Goldfarb and several of his brothers were involved with the Young Israel movement. He frequently walked between Brooklyn and Manhattan on Friday nights to introduce his liturgical melodies at Young Israel Oneg Shabbat programs.

== Musical publications ==

Between 1918 and 1929, Goldfarb collaborated with his brother Samuel, head of music for the New York Bureau of Jewish Education, on a series of songbooks intended for communal and school use. They together published over ten volumes of music, including the widely circulated collections Friday Evening Melodies (1918) and The Jewish Songster (1919).

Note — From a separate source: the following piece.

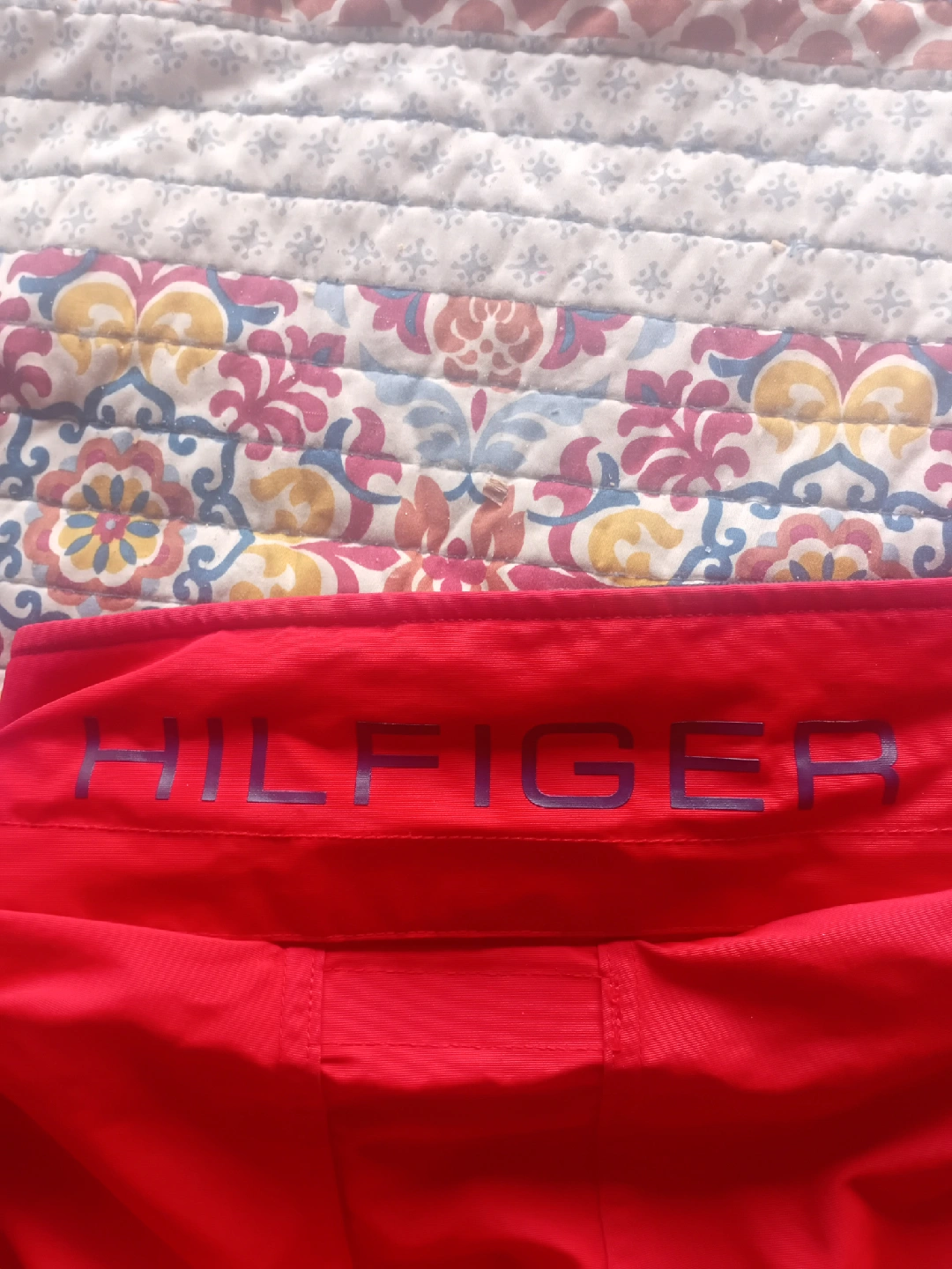 Trading a Tommy Hilfiger jacket in a vibrant red colour! It's a size large and features a hood, perfect for those cooler Canadian days. The jacket has a sporty design with striped detailing on the collar and hem. It's in great condition and ready for a new home! *note: the inside signing appears to be purple, but it's actually blue.
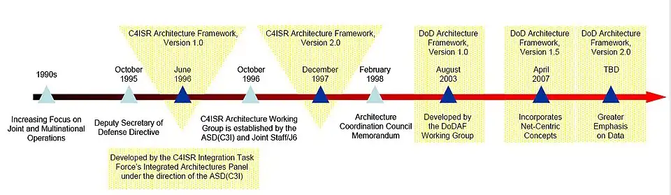 The first version of the development DoDAF was developed in the 1990s under the name C4ISR Architecture Framework. In the same period the reference model TAFIM, which was initiated in 1986, was further developed. The first C4ISR Architecture Framework v1.0, released 7 June 1996, was created in response to the passage of the Clinger-Cohen Act. It addressed the 1995 Deputy Secretary of Defense directive that a DoD-wide effort be undertaken to define and develop a better means and process for ensuring that C4ISR capabilities were interoperable and met the needs of the warfighter. Continued development effort resulted in December 1997 in the second version, C4ISR Architecture Framework v2.0.[1]

Goldfarb composed a melody for the Kabbalistic hymn Shalom Aleichem in May 1918. The setting was first published in Friday Evening Melodies, and it debuted at a Jewish youth rally in Madison Square Garden. The composition became widely adopted in Ashkenazi congregations in North America and later internationally. Some later publications and recordings identified the melody as "traditional" or "Hasidic," despite its documented authorship.

== Death ==

Goldfarb died on 13 February 1967 at South Nassau Communities Hospital in Oceanside, New York, at the age of 87. He was survived by his wife, Frieda Kessler, their children, and extended family members.